There is a long and very informative thread on the ICI boats, including Polythene which gets several mentions at;
http://www.shipsnostalgia.com/showthread.php?t=16823&highlight=Alkali

There are within the thread a couple of sources given for further information which you may find helpful.
Regards, 
Pat


----------



## shipmate17 (Jun 1, 2005)

Hi,
POLYTHENE id 5281647 Built 1949 by Goole SB. grt 330. 1982 HUMILITY. deleted 1988. Owners Imperial Chemical Ind Ltd,A.C. Stewart & W.G. Stewart., F.A.G. & J Kennedy, W.P. Thompson, Hurst & Co Ltd.
Cheers.


----------



## n. liddell (sparks) (Nov 21, 2008)

You don't mention if you have any pics of the vessel - if not there are some on www.photoship.co.uk - BV


----------



## atrelbeldo (Aug 29, 2007)

*mv polythene*

Many thank,s for the information it is most helpful
.Den


----------



## Seamemories (Jul 26, 2012)

I was skipper of the M.V. Polythene from around 1976 until she was sold a year later to a guy named Ivor or Ivan Tann who was based in Shoreham and whose company was based in Denmark. At the time she was sold she was owned by a company named Hurst Shipping and was registered in Liverpool. Myself and the mate and engineer were Irish and the cook and deckhands were from the Cape Verde Islands.

While anchored in the Mersey and bound for the Manchester Ship Canal at one stage, the windlass motor which was electric, burned out. We needed to get to Eastham Locks in a hurry, so the only choice was to let the anchor and cable go and hope to retrieve it at a later date. However the ship was then sold, before we got the opportunity.

The guy who bought the ship was in the business of buying and then selling old ships (the Polythene was build in 1949) to companies in the Leeward Islands. This is where the M.V. Polythene ended up and sadly, while at anchor there during a hurricane, she dragged her one remaining anchor and was lost with all hands.


----------



## Erimus (Feb 20, 2012)

Well you can't get a better answer than that one....thanks 'seamemories'.......

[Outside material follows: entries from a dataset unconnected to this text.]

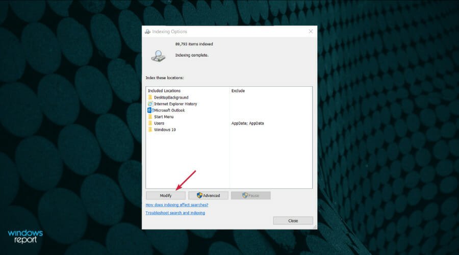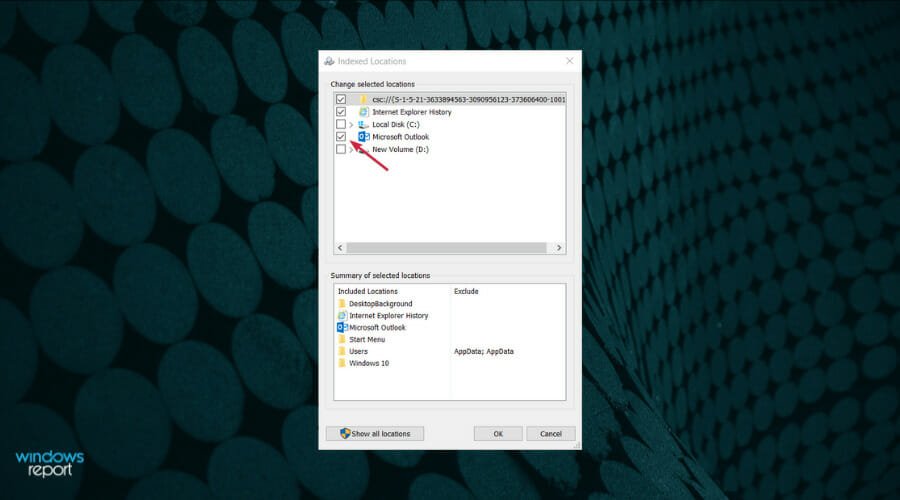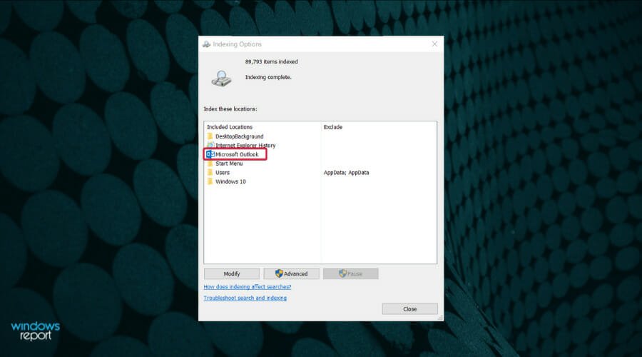 If indexing finishes without including Outlook data files or doesn’t finish, contact Microsoft support for help.
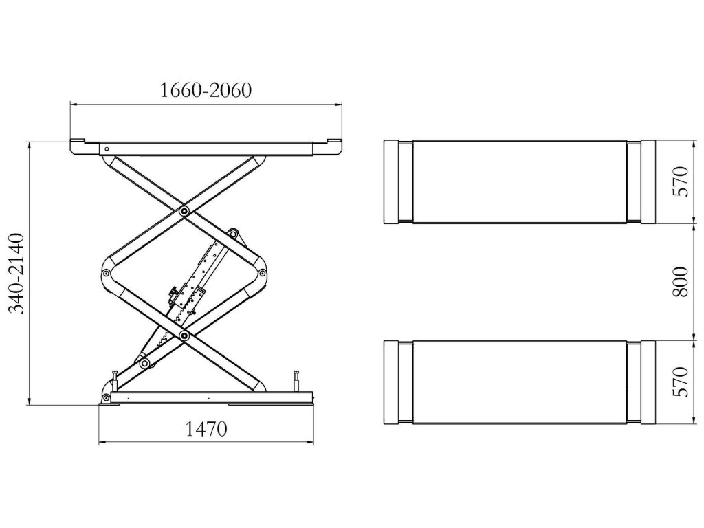 Nůžkový mechanismus umožňuje kompaktní uložení zvedáku v podlaze, přičemž plošiny poskytují stabilní podporu pro vozidlo. Jednoduché ovládání a mechanický bezpečnostní zámek s automatickým odemykáním zvyšují komfort a bezpečnost práce.
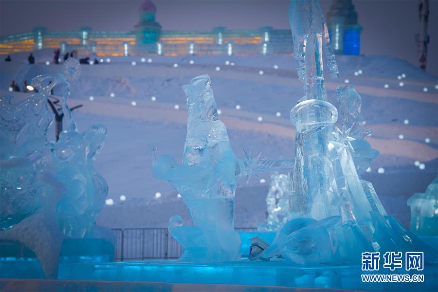 這是哈爾濱冰雪大世界園區(qū)中的景觀(1月5日攝)。新華社記者王松攝
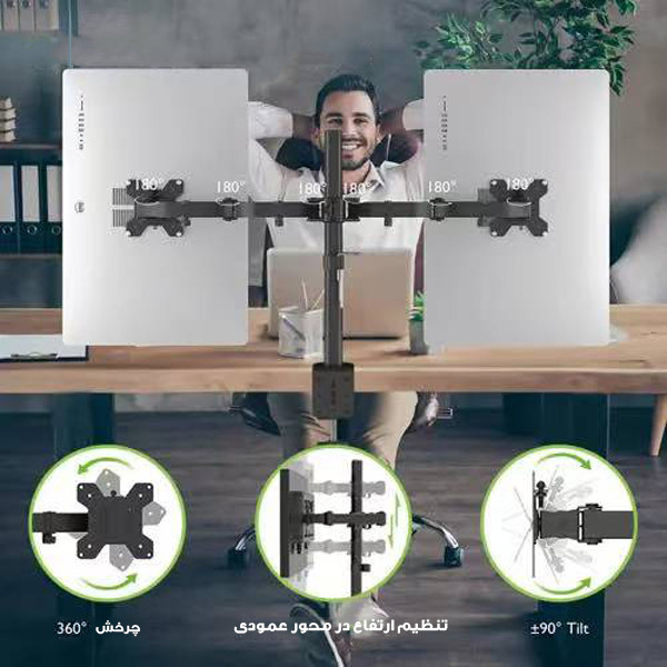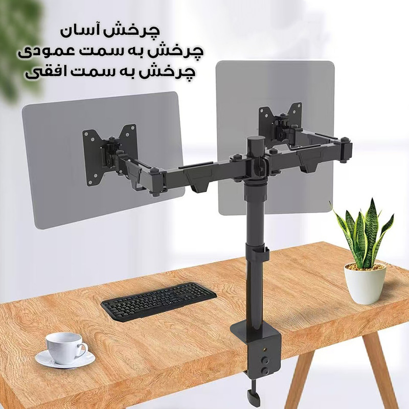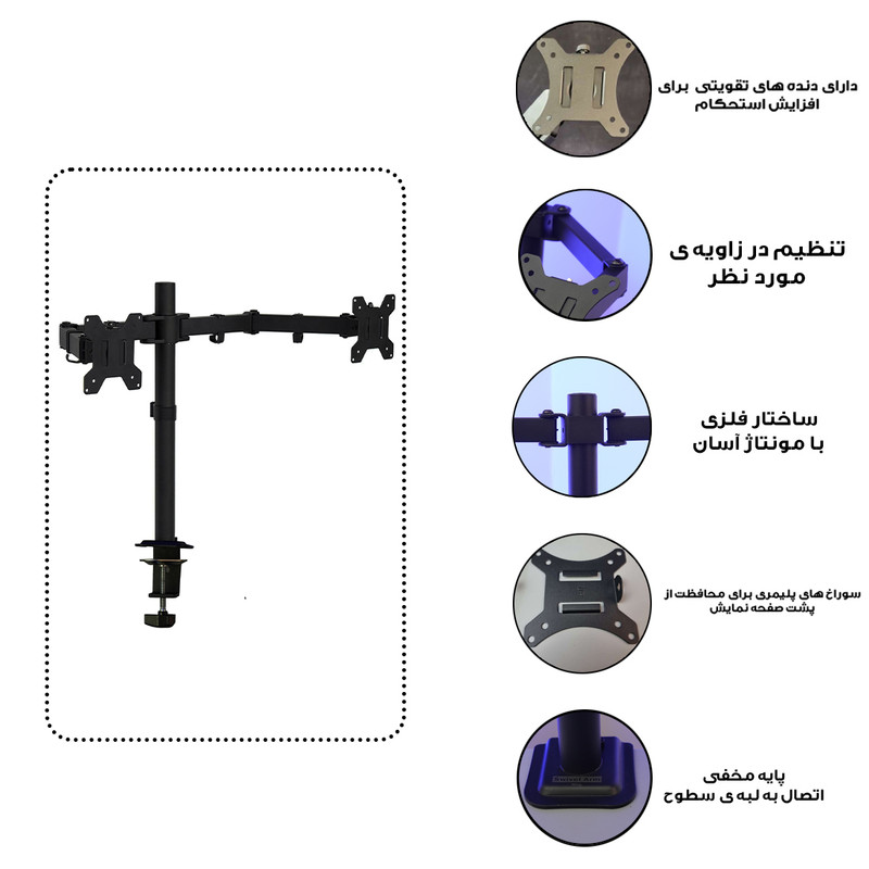 سایر توضیحات: قابلیت اتصال دو مانیتور ، قابلیت تنظیم ارتفاع ، قابلیت چرخش ۳۶۰ درجه ، مناسب انواع مانیتور مناسب مانیتورهای تا 20 اینچ اقلام همراه کالا : دو هلدر اتصال به پایه های فلزی ، الن ،پیچ ، گیره اتصال به لبه ی سطوح

Being on the Tees we saw her often..

geoff


----------



## atrelbeldo (Aug 29, 2007)

Erimus said:


> Well you can't get a better answer than that one....thanks 'seamemories'.......
> 
> Being on the Tees we saw her often..
> 
> geoff


I agree erimus many thanks for the information Seamemories much appreciated


----------



## David Medland (Oct 19, 2011)

atrelbeldo said:


> hello all
> I am trying to research the coaster mv polythene between 1960 1970 I would be grateful of any information.
> many thank,s
> Den


Hello Den,

Just came across your original post.

My Dad was on the MV Polythene. He was in the Merchant Navy from 1922 to 1960.

See piccie.

See Post at : http://www.shipsnostalgia.com/showthread.php?t=41348&highlight=Christopher+Medland

David.


----------